The Moving Picture Experts Group

Common Media Application Format Brings The Bitstreams Together

by Philip Merrill - June 2018

Common Media Application Format (CMAF) is part of MPEG-A, which integrates existing MPEG technologies in application formats to improve interoperability for specific applications. CMAF is the result of widespread industry adoption of a set of MPEG technologies for adaptive video streaming over the Internet, and widespread industry participation in the MPEG process to standardize best practices in the CMAF media application format standard.

The CMAF Media Object Model allows flexible delivery and combination of CMAF Media Objects to form multimedia presentations adapted to each user, device, and network. The CMAF framework enables efficient decoding and synchronization of digital media Fragments in all major web browsers so that adaptive video streaming can be implemented in any web page.
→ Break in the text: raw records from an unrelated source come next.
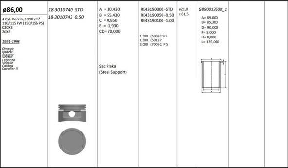 Opel Motor Piston+segmanı ( Riken ) 86,00+stdmm Cap Omega Kadett Ascona Vectra Leganza Ventile Calıbra C - Kingpiston 18-3010740
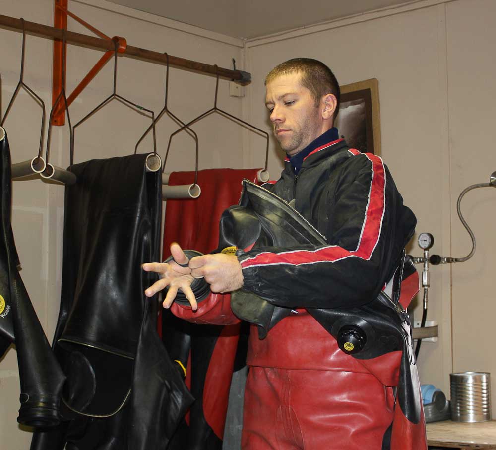 Michael League prepares for a dive in the Dive Locker. McMurdo Station, Antarctica.
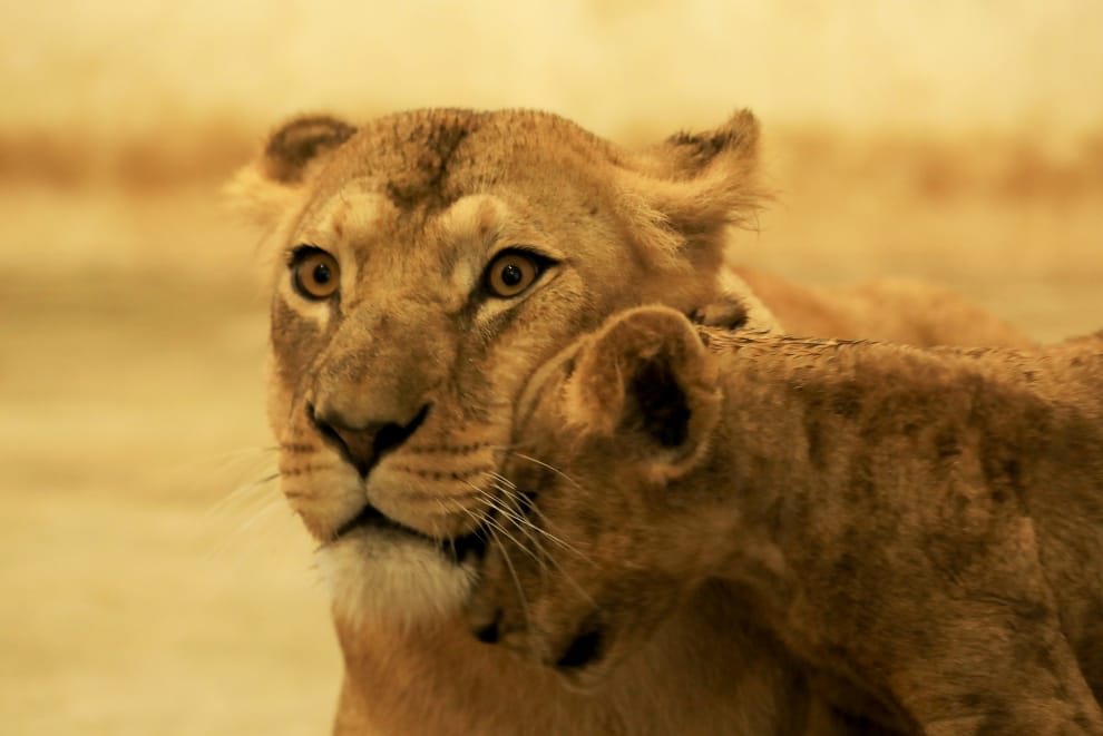 在白夏瓦(Peshawar)的一間動物園內,一隻小獅子用頭磨蹭著牠的母親。
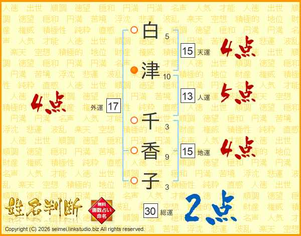 白(5画)津(10画) 千(3画)香(9画)子(3画)
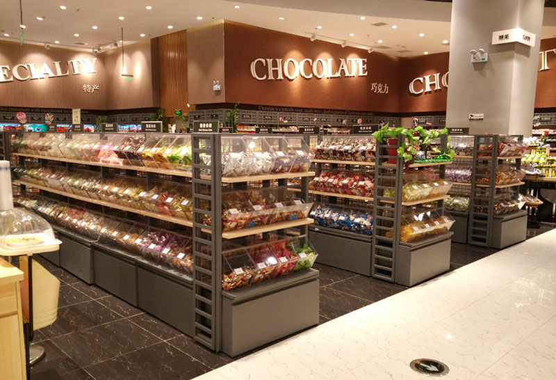 便利店里面肯定會有多組便利店貨架,在對便利店(dian)貨架布局時要考慮到貨架與貨架之間的間距,能讓顧客順利通行且蹲下選購商品的時候也要有足夠的空間,不能讓顧客感覺擁擠,zui好能容納兩個人同時通行,以不小于0.8m為宜。
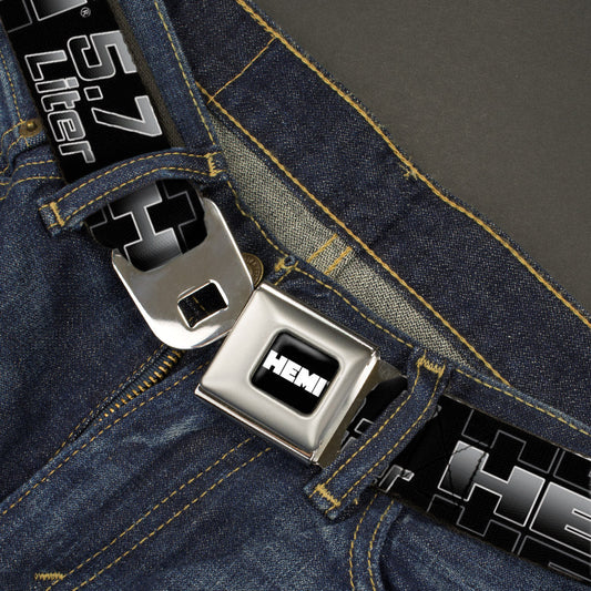 HEMI Bold Full Color Black/White Seatbelt Belt - HEMI 5.7 LITER Black/White/Silver-Fade Webbing
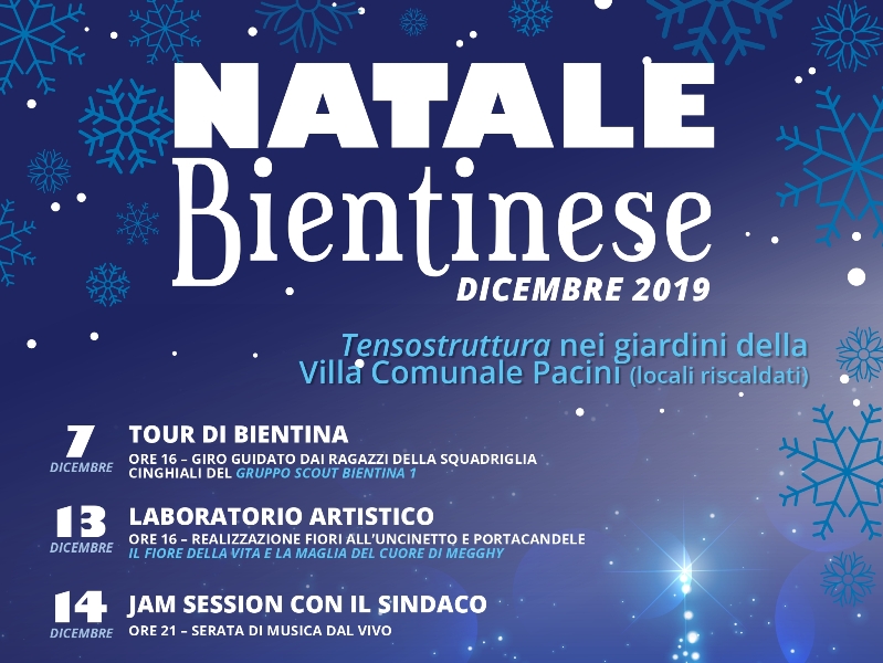 Sabato 7 dicembre la squadriglia “Cinghiali” del Gruppo scout Bientina 1, dalle ore 16.00 alle 17.30, realizzerà un tour dei luoghi artistici e storici del paese; arrivano gli appuntamenti nel parco della villa comunale da venerdì 13 dicembre: alle ore 16.00 ecco il laboratorio di realizzazione di fiori all’uncinetto e portacandele a cura delle associazioni “I fiori della vita” e “La maglia del cuore di Megghy”; Sabato 14 dicembre, ore 21.00, una particolare Jam session; Domenica 15 dicembre, alle ore 13.00, l’associazione “Bientina e il suo Palio” organizzerà in villa comunale il pranzo benefico a cui seguirà alle ore 15.00 un evento di musica con la Caroti & Friends; Giovedì 19 dicembre, alle ore 17.00, al via i laboratori natalizi per bambini a cura della Ludoteca Il Merlino; Venerdì 20 dicembre, ore 17.00, ancora musica con “Provali tutti”, una prova gratuita di strumenti musicali a cura di Backstage Academy; Sabato 21 dicembre, ore 10.00, torneranno di nuovo i laboratori natalizi per bambini a cura della Ludoteca Il Merlino a cui seguirà, alle ore 17.00, un laboratorio per adulti di creazione di ghirlande e altri addobbi natalizi a cura di Elisabetta e Annamaria. Domenica 22 dicembre, ore 16.00, gran finale con l’arrivo di Babbo Natale in villa, a cura dell’associazione fotografica La Torre, nel corso del quale i bambini potranno consegnare le proprie letterine.
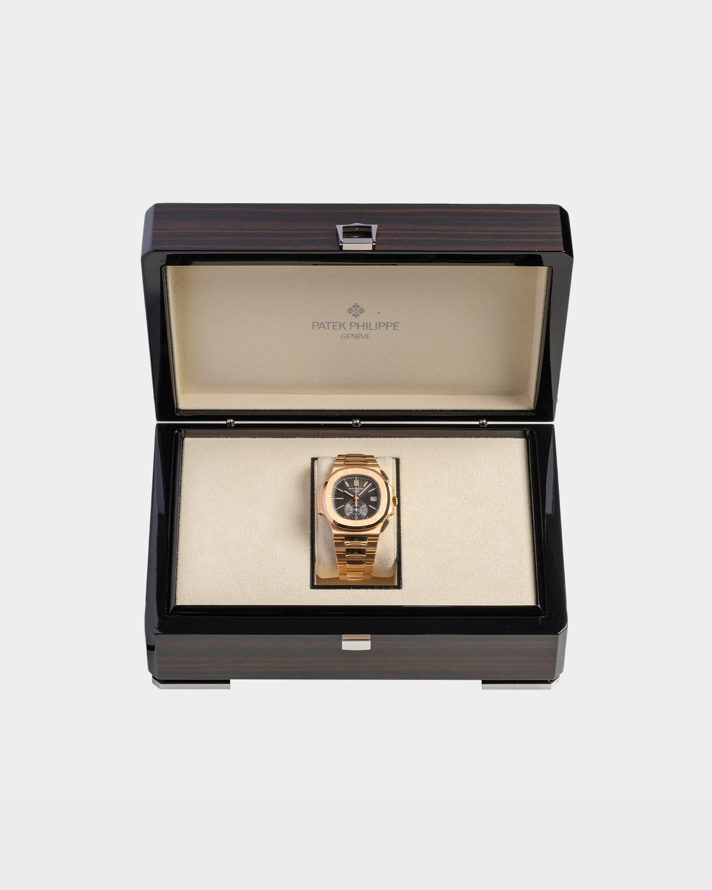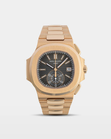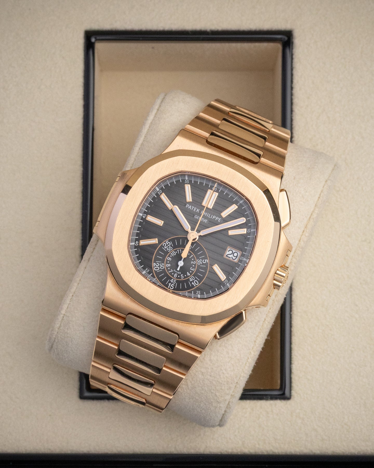 The Nautilus 5980/1R is what happens when a sport chronograph gets dressed in pure luxury. Its 40.5mm rose gold case and bracelet bring serious weight, balanced by the slate dial with that familiar embossed pattern. At 6 o’clock, a single counter handles both chronograph minutes and hours. Inside, the automatic caliber CH 28-520 C powers the piece with a flyback function and a 55-hour reserve. It’s a Patek Philippe watch that sits comfortably between daily wear and grail status.

CMAF-compliant content is efficient for encoding and delivery because each media stream can be encoded once with alternative encodings, e.g. different bitrates, then combined by "late binding" in each streaming player. Each audio or video media stream consists of Media Objects that can be cached on content delivery network edge servers and delivered via multiple unicast, multicast, and broadcast protocols. Each streaming player can splice and synchronize its choice of Media Objects to form a personalized multimedia presentation that is seamless and adaptive to network throughput and user interaction. Content creators and networks do not need to create, store, and deliver a personalized presentation for each user, which would require a huge increase in network resources to achieve the same quality of experience.

CMAF incorporates Common Encryption (CENC), which encrypts and protects the media data, but allows Media Objects to be securely parsed and processed in normal software until the point they are decrypted and decoded in a secure digital rights management component. Multiple digital rights and key management systems can be used on different devices with the same common encrypted CMAF content. CMAF specifies the use of two Common Encryption schemes to reach all device types. One is the widely deployed 'cenc' scheme using AES-128 counter mode, and the other is 'cbcs' using AES-128 block chain mode with a constant initialization vector for each Track and an encryption pattern that encrypts 10% of the video slice data to reduce decryption processing and battery consumption in mobile devices.

Program delivery options are more varied and dynamic than ever, and user operations interacting with dynamically gathered Media Objects provide the flexibility required for applications such as streaming interactive omnidirectional and virtual reality video. Video players and streaming manifest formats are outside of CMAF's scope, however CMAF specifies what is required to describe and decode a CMAF Presentation consisting of CMAF Media Objects. A sequence of CMAF Fragments encoded from a single media stream forms a CMAF Track. Every CMAF Track has an associated CMAF Header, conveying profile and parameter information to the player so it can initialize decoding and optimize rendering. CMAF specifies how CMAF Tracks in a CMAF Presentation are start aligned and synchronized on the Presentation’s timeline.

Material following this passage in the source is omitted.